Her research spans many psychological and physiological content areas. Her early research focused on the electrocortical, neuropsychological, and psychophysiological etiology of several psychopathologies, namely schizophrenia spectrum disorders (specifically schizotypal traits) and adolescent aggression and psychopathic traits, using a wide range of psychophysiological and brain-related modalities (EEG, ERPs, EKG, sEMG). She now focuses her research on well-being, positive psychological outcomes, resilience, and mindfulness-meditation interventions.
Marissa has been a subject matter expert in cognitive processes, human aggression, developmental psychology, and brain-bio-behavior. She has extensive experience with complex data sets, study design, and statistics of all levels. She has authored, co-authored, and provided statistical support for many peer-reviewed publications in the broad areas of psychology, neuroscience, and survey design.
Marissa’s highest goal is helping others to achieve their highest goals! She has served as dissertation chair and consulting with hundreds of students, editing chapters, analyzing data, and editing full dissertations. She has also served as a methodologist and statistician for doctoral and thesis students at several universities. She has worked with numerous students in psychology, neuroscience, PsyD, and MFT programs.

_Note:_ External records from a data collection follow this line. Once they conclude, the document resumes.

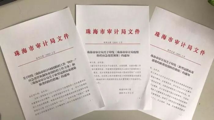 自新型冠状病毒感染肺炎疫情发生以来,珠海市审计局党组高度重视,切实提高政治站位,深入学习贯彻习近平总书记关于疫情防控工作的系列重要讲话和重要指示批示精神,严格落实党中央、省、市关于疫情防控工作的部署要求,带领全市各级审计机关抓实抓牢疫情防控工作,全力确保审计人员“零感染”,防疫措施、人员排查“无一漏”,疫情防控和审计业务“两不误”,坚决打赢疫情防控阻击战。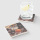 The coasters are gorgeous, a quality feel and heavy weight. They look like a precious archeological find. A rustic stone juxtaposed with a modern floral black and white print. I like the way the print goes slightly imperfect on the cut stone edges giving them a kind-of natural beauty.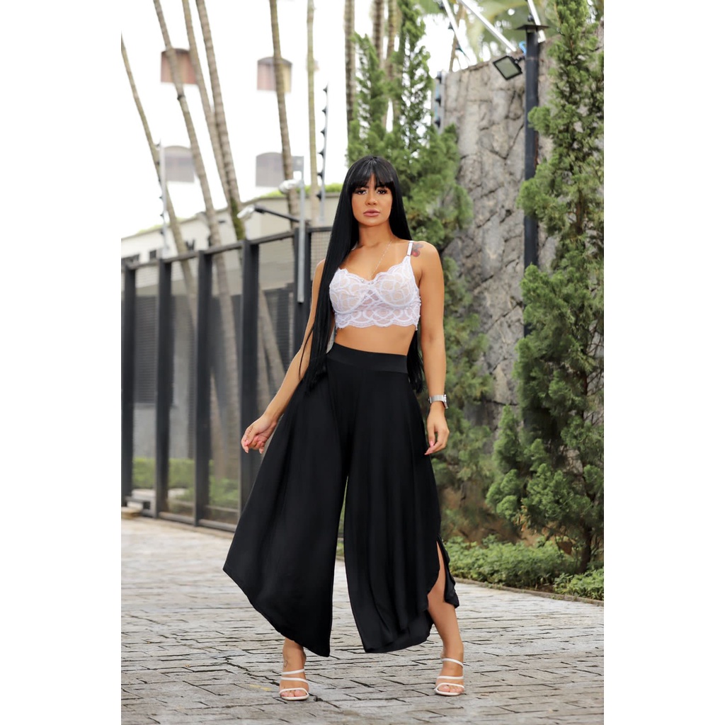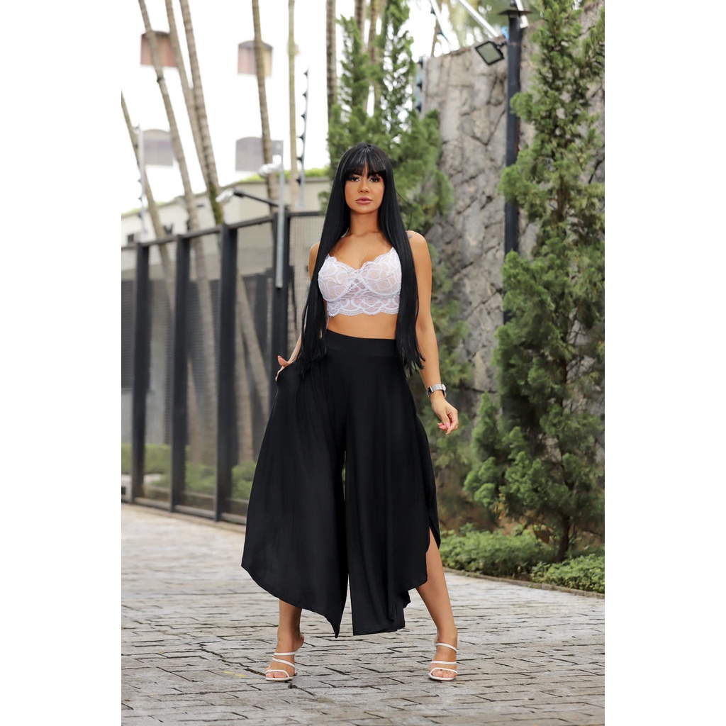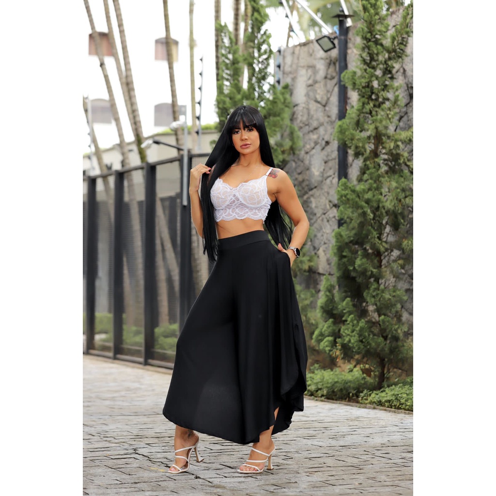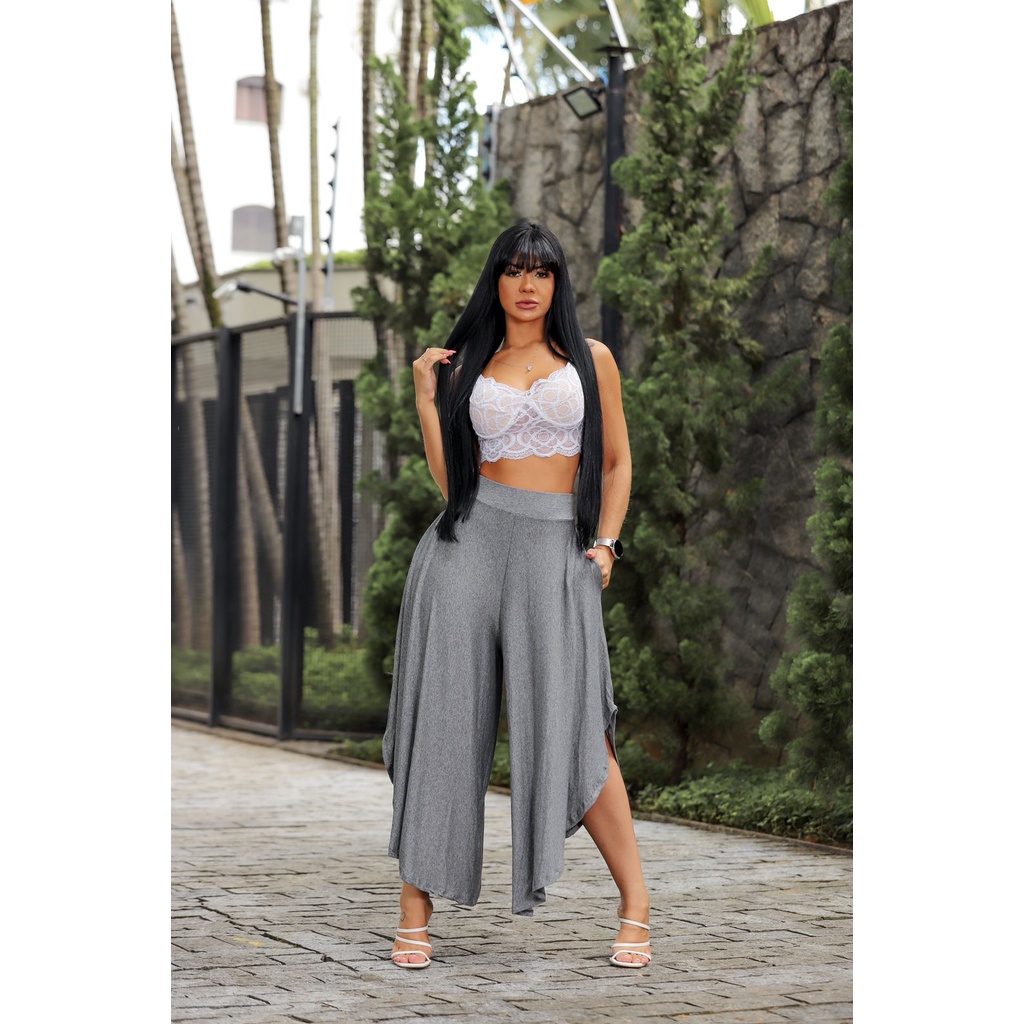 Calça Pantacourt Feminina Pantalona Malha Viscolycra Cintura Alta Calça Saia Godê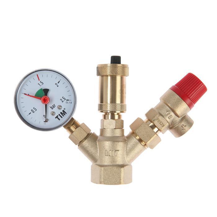 Группа безопасности TIM МИНИ JH1024-1.5, для котлов отопления, 1", 1.5 бар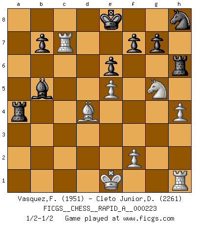 Last move : 1/2-1/2 2018 November 30 0:11:14 [Event "FICGS__CHESS__RAPID_A__000223"] [Site "FICGS"] [Date "2018.09.26"] [Round "1"] [White "Vasquez,Fernando"] [Black "Cleto Junior,Dirceu"] [Result "1/2-1/2"] [WhiteElo "1951"] [BlackElo "2261"] 1.e4 e6 2.d4 d5 3.e5 c5 4.c3 Qb6 5.Nf3 Nc6 6.a3 Nh6 7.b4 cxd4 8.cxd4 Nf5 9.Bb2 Bd7 10.g4 Nfe7 11.Nc3 Ng6 12.h4 h5 13.gxh5 Rxh5 14.Ng5 Rh6 15.b5 Na5 16.Qf3 Nh8 17.Na4 Qc7 18.Nc5 Bxc5 19.dxc5 a6 20.a4 Qxc5 21.Rc1 Nc4 22.Bxc4 Qb4+ 23.Qc3 Qxc4 24.Qxc4 dxc4 25.Rxc4 axb5 26.axb5 Bxb5 27.Rc7 Ra2 28.Bd4 Ra4 1/2-1/2 French : Advance variation This chess game ended in a draw. Follow this game move after move (download)During a Chess competition a Chessmaster should be a combination of a beast of prey and a monk. (Alexander Alekhine) Ich verstehe den Grund nicht, warum die Aufteilung in Frauen und Männer überhaupt im Schach besteht. (Judith Polgar) Con o sin el título, Bobby Fischer fue sin lugar a dudas el mas grande jugador de su época. (Burt Hochberg) Ce qui caractérise les parties de combat, c'est que si le défenseur a constamment de difficiles problèmes à résoudre, l'attaquant doit chercher sans relâche de nouvelles possibilités d'attaque. (Koblentz) I've lost money so fast in these clubs it's left me reeling. I've read every poker book ever written, but the only way to get better at the game is to go out and play with people who are really good. The problem is, you stand to lose a lot of money doing it. (Matt Damon)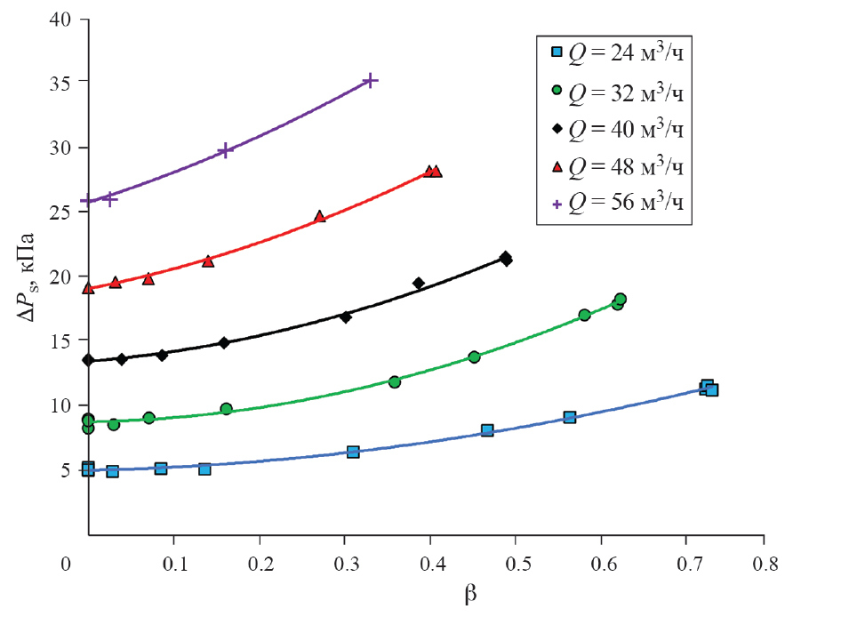Результаты экспериментальных исследований, представленные на рис. 2 и 3, показывают, что перепады давления для обоих СУ существенно различаются как по абсолютным величинам, так и по чувствительностям d∆P/dβ и d∆P/dQ, которые заметно выше для СУ 70/50 мм во всем диапазоне β. Покажем теперь, как можно использовать эти данные для достижения поставленной цели.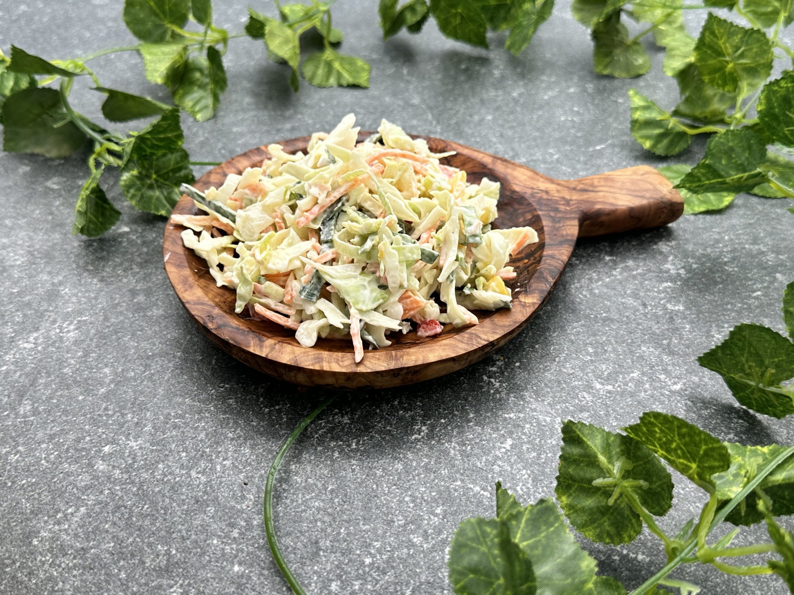 Gemengde rauwkost van spitskool, prei, gele paprika, rode paprika, groene paprika, wortel en roomkoolsalade

Perhaps her favorite aspect of the dissertation is to help students develop the entire project, starting with the research question. As a methodologist and statistician, she takes a bird’s eye view of the entire project, assessing and helping students to design the research plan/protocol and eventual statistical tests a student would need to complete. With a solid plan from the start, students are able to more efficiently and effectively achieve their goals!